Sparkling gems and new releases from the world of Free and Open Source Software
FreeCAD 0.20
A major 0.20 release gives us the perfect excuse to revisit this mainstay of 3D modeling and design. FreeCAD has been around for 20 years, and as a result, it's complicated. Much like Blender, this isn't an application you're going to master in 20 minutes. But also like Blender, it's capable of brilliant and professional results, from 3D printing to circuit design. There are several different ways of working with FreeCAD, with the most common being to develop your design from a two-dimensional sketch in the X and Y plane. FreeCAD uses the idea of workbenches to change its configuration to suit whatever way you work, and there are several that help with this stage by creating a 2D top-down view, for example. With that done, you first create a sketch before more menu diving to select the shapes you want to add. These are created interactively on the canvas, letting you drag their edges and points to fit the size you need.
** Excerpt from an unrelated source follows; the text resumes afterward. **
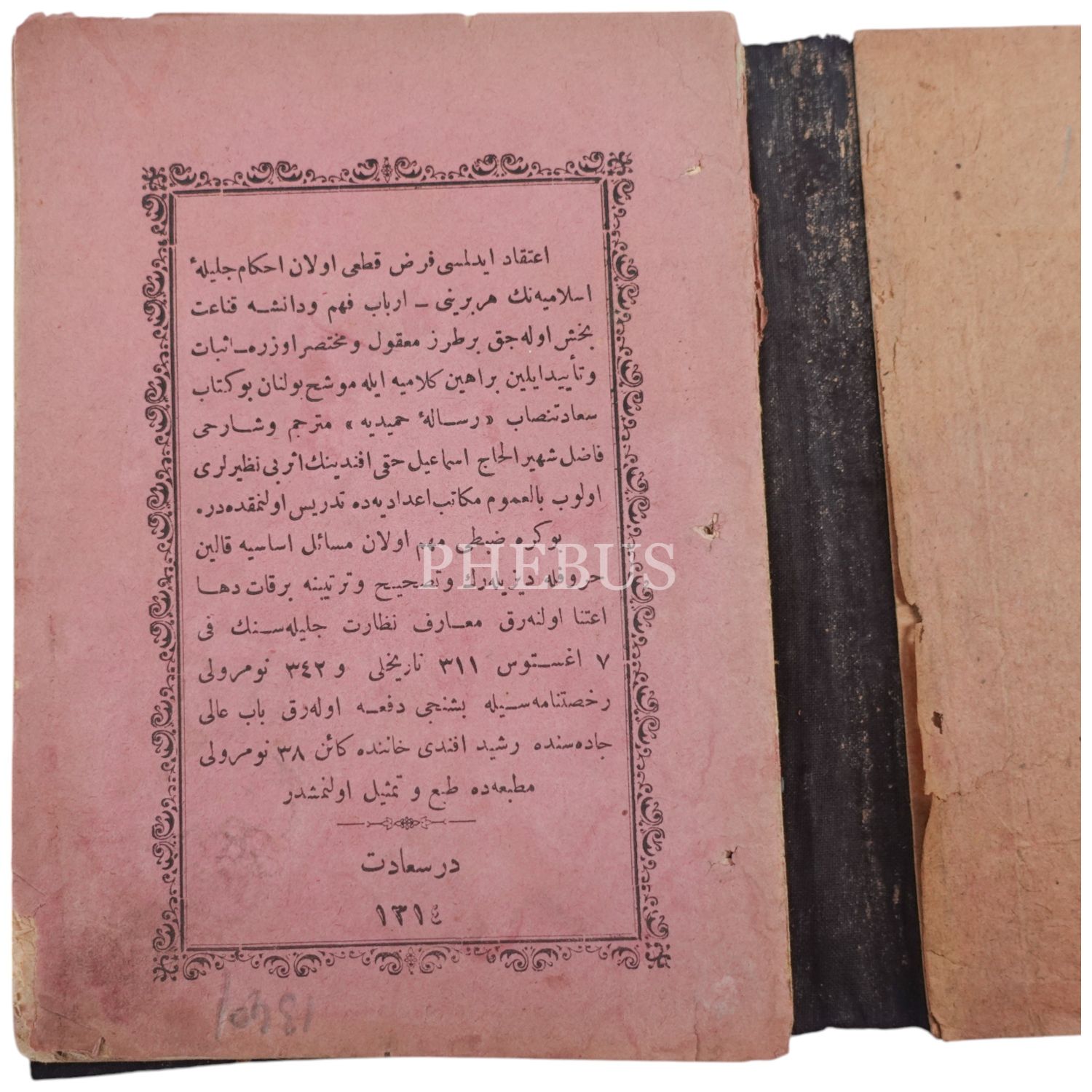Osmanlı´nın son döneminde askeri ve mülkiye liselerinde okutulmak üzere hazırlanan eser ilahiyyat , nübüvvet ve semiyat gibi konuları öğretmek amacıyla İsmail Hakkı Efendi tarafından yazılmıştır. *Eserin sırt kısmı ile formaları arası kopukluk vardır.

In this way, FreeCAD is part Gimp and part Blender with one important difference: constraints. Constraints, such as the length of a side or the angle of something, are an important concept in FreeCAD because they define the shape of an object without any ambiguity. The object creation process involves going through each parameter and fixing it in place to create a constraint. When a shape is fully constrained, it turns green and is considered solved. Everything can be created by clicking and dragging a point or line, but also made exact by editing parameters, like a more interactive OpenSCAD. But like OpenSCAD, objects can also be fully programmed in Python if you wish. Fortunately, this new release helps massively with usability, including decent help text and improving lots of user interface elements, making them more intuitive and easier to use. It's still complicated, but also a lot easier than ever before.
Project Website
Audio plugin API
CLAP
This isn't a normal discovery because, rather than being something you can run, CLAP has been developed to help other people create things to run. Specifically, it's an API to help programmers write audio effects and synthesizers that can work with any audio platform. This should be a solved problem because that kind of API has been around for decades – most famously in both Steinberg's VST plugin architecture and Apple's Audio Unit app. These two dominate professional audio, and VST is popular on Linux where native plugins can be built or Windows VST plugins run through Wine. The problem is that neither of these APIs are open, and VST is still controlled by Steinberg. There are older open source alternatives, including LV2, LADSPA, and DSSI, but developers complain about their complexity and fragmentation, and each has failed to reach a critical mass of use outside of Linux, which is vital if any format is to succeed.
CLAP (short for Clever Audio Plugin) is a new open source audio API that's been designed specifically to be easy, adaptable, and efficient. It's also potentially much more capable than any other plugin format. It allows for per-note automation and modulation, parameter offsets, non-destructive performance sound modification, and per-voice parameters. None of this can be easily accomplished with the alternatives, making these genuine reasons to choose CLAP above all the other formats regardless of its license. Even more impressively, CLAP has been developed by two important companies, Bitwig and u-he. Both companies produce Linux versions of their software, with Bitwig in particular becoming hugely successful as a challenger to the industry standard Ableton Live. Bitwig is already a host for CLAP plugins, and u-he is in the process of converting theirs, as are other Linux-friendly software producers. It's important to note that CLAP's ambition is to succeed across all platforms, and its MIT license and a promise of open collaboration are just as important for this. Hopefully, it will be hugely successful.